OK, so it's not that I think I still have money left if I still have checks -- by the way, does anybody still write checks? It's been so long since I've written a check! I always feel like writing a check means I'm trying to get away with something because it's so antiquated. Oh and because of "Catch Me If You Can" -- it's more than I never think about how much money I have. OR, I totally underestimate how much money I've spent. Put those two things together and it will quickly take a second job to manage your overdraft charges. I used to be able to get them reversed (I don't suck at talking, which I might have mentioned before), but now a days, they take one look at my account and probably think I am a terrible person.

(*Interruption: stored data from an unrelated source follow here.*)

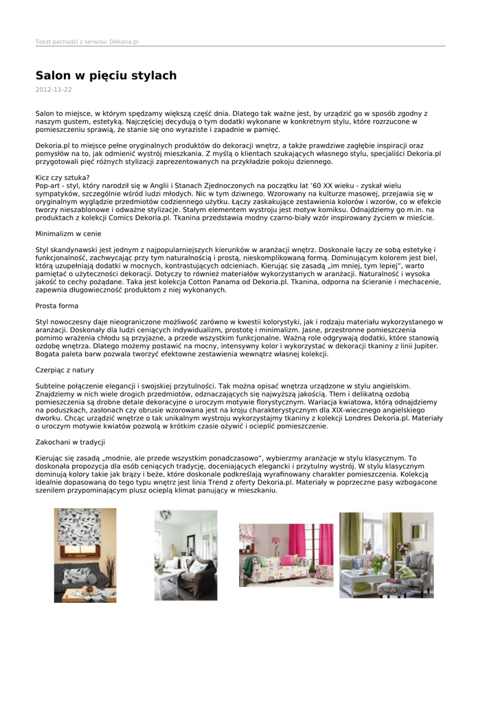 Tekst pochodzi z serwisu: Dekoria.pl Salon w pięciu stylach 2012-11-22 Salon to miejsce, w którym spędzamy większą część dnia. Dlatego tak ważne jest, by urządzić go w sposób zgodny z naszym gustem, estetyką. Najczęściej decydują o tym dodatki wykonane w konkretnym stylu, które rozrzucone w pomieszczeniu sprawią, że stanie się ono wyraziste i zapadnie w pamięć. Dekoria.pl to miejsce pełne oryginalnych produktów do dekoracji wnętrz, a także prawdziwe zagłębie inspiracji oraz pomysłów na to, jak odmienić wystrój mieszkania. Z myślą o klientach szukających własnego stylu, specjaliści Dekoria.pl przygotowali pięć różnych stylizacji zaprezentowanych na przykładzie pokoju dziennego. Kicz czy sztuka? Pop-art - styl, który narodził się w Anglii i Stanach Zjednoczonych na początku lat ’60 XX wieku - zyskał wielu sympatyków, szczególnie wśród ludzi młodych. Nic w tym dziwnego. Wzorowany na kulturze masowej, przejawia się w oryginalnym wyglądzie przedmiotów codziennego użytku. Łączy zaskakujące zestawienia kolorów i wzorów, co w efekcie tworzy nieszablonowe i odważne stylizacje. Stałym elementem wystroju jest motyw komiksu. Odnajdziemy go m.in. na produktach z kolekcji Comics Dekoria.pl. Tkanina przedstawia modny czarno-biały wzór inspirowany życiem w mieście. Minimalizm w cenie Styl skandynawski jest jednym z najpopularniejszych kierunków w aranżacji wnętrz. Doskonale łączy ze sobą estetykę i funkcjonalność, zachwycając przy tym naturalnością i prostą, nieskomplikowaną formą. Dominującym kolorem jest biel, którą uzupełniają dodatki w mocnych, kontrastujących odcieniach. Kierując się zasadą „im mniej, tym lepiej”, warto pamiętać o użyteczności dekoracji. Dotyczy to również materiałów wykorzystanych w aranżacji. Naturalność i wysoka jakość to cechy pożądane. Taka jest kolekcja Cotton Panama od Dekoria.pl. Tkanina, odporna na ścieranie i mechacenie, zapewnia długowieczność produktom z niej wykonanych. Prosta forma Styl nowoczesny daje nieograniczone możliwość zarówno w kwestii kolorystyki, jak i rodzaju materiału wykorzystanego w aranżacji. Doskonały dla ludzi ceniących indywidualizm, prostotę i minimalizm. Jasne, przestronne pomieszczenia pomimo wrażenia chłodu są przyjazne, a przede wszystkim funkcjonalne. Ważną role odgrywają dodatki, które stanowią ozdobę wnętrza. Dlatego możemy postawić na mocny, intensywny kolor i wykorzystać w dekoracji tkaniny z linii Jupiter. Bogata paleta barw pozwala tworzyć efektowne zestawienia wewnątrz własnej kolekcji. Czerpiąc z natury Subtelne połączenie elegancji i swojskiej przytulności. Tak można opisać wnętrza urządzone w stylu angielskim. Znajdziemy w nich wiele drogich przedmiotów, odznaczających się najwyższą jakością. Tłem i delikatną ozdobą pomieszczenia są drobne detale dekoracyjne o uroczym motywie florystycznym. Wariacja kwiatowa, którą odnajdziemy na poduszkach, zasłonach czy obrusie wzorowana jest na kroju charakterystycznym dla XIX-wiecznego angielskiego dworku. Chcąc urządzić wnętrze o tak unikalnym wystroju wykorzystajmy tkaniny z kolekcji Londres Dekoria.pl. Materiały o uroczym motywie kwiatów pozwolą w krótkim czasie ożywić i ocieplić pomieszczenie. Zakochani w tradycji Kierując się zasadą „modnie, ale przede wszystkim ponadczasowo”, wybierzmy aranżacje w stylu klasycznym. To doskonała propozycja dla osób ceniących tradycję, doceniających elegancki i przytulny wystrój. W stylu klasycznym dominują kolory takie jak brązy i beże, które doskonale podkreślają wyrafinowany charakter pomieszczenia. Kolekcją idealnie dopasowaną do tego typu wnętrz jest linia Trend z oferty Dekoria.pl. Materiały w poprzeczne pasy wzbogacone szenilem przypominającym plusz ocieplą klimat panujący w mieszkaniu.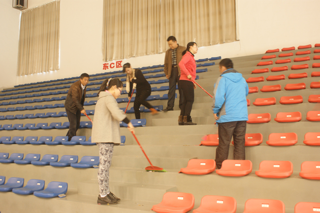 为了给每位运动员更为舒适的训练环境,也为了给明天的观众们一个清爽的观看环境。我院学生党支部全体党员老师们自发到训练馆做起清洁保障工作,每个党员各司其职,纷纷拿起打扫工具,对整个球场的地板,观众席座位以及扶手等进行了清扫擦拭。老师们个个干的热火朝天,把整个球场擦拭的焕然一新,此举赢得了在场的高校师生们的一致赞誉。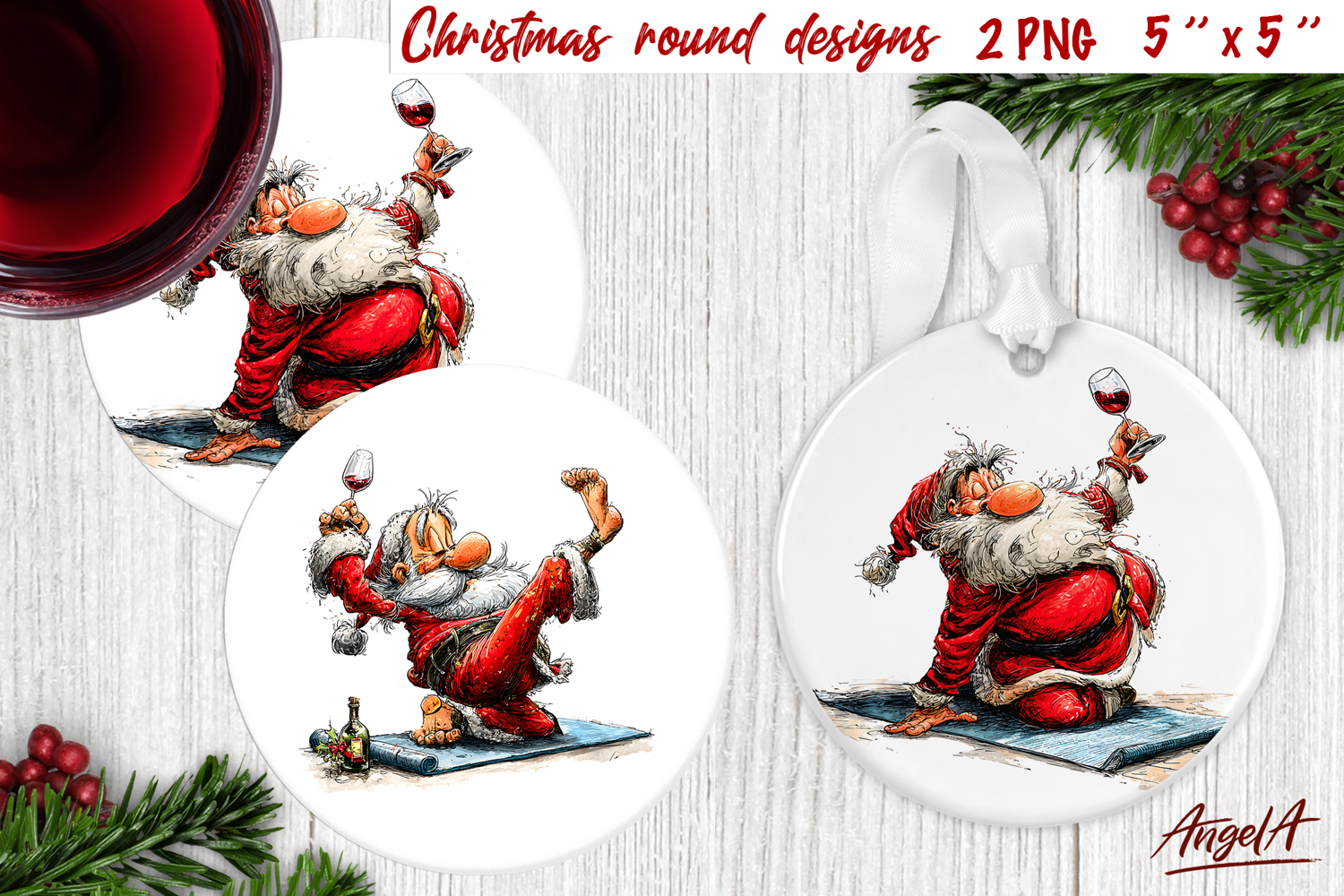 Humor Christmas coaster is a round design of a funny Santa Claus drinking wine, doing yoga. Also you can use these designs also as round car coaster, round keychain designs, Christmas ornament.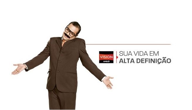 Já que as redes sociais são a onda do momento a AMD resolveu entrar com tudo, depois do sucesso da campanha AMD Improvision estrelada pelo Barbixas a empresa trouxe Eduardo Sterblitch (Cesar polvilho) para promover a tecnologia Vision. O humorista que ficou famoso interpretando personagens como Freddie Mercury Prateado é o astro da campanha desta vez interpretando “O Melhor do Mundo” ao lado da “Vó Marlene” em uma série de vídeos divulgados na página do Facebook da AMD e em seu perfil no Twitter.

Fortunately, there is a husband in all of this. A husband who is the opposite of me in almost every way possible. The plus side of this is he is great with finances. Frugal and responsible! After 26 years, he knows how much rope to give me and while I know I often make him a little nuts, he really doesn't complain much. (I should really do something nice for him.)
It shames me to say this. I see the value and importance of this trait. It frustrates me in my boss. I see the irritation in others in meetings etc. I work on it. I really do.
I've read the articles (no doubt written by people who are always 10 minutes early to everything) about how people who are late are just too self focused or don't have respect for others. Honestly, that's not it. I'm... gosh. My mind is in 100 places at once. I so rarely focus on just one thing I'm not even sure how to do it. (For instance, I've been writing this for an hour and have done 10 other things, stopping and starting...you know how it is.)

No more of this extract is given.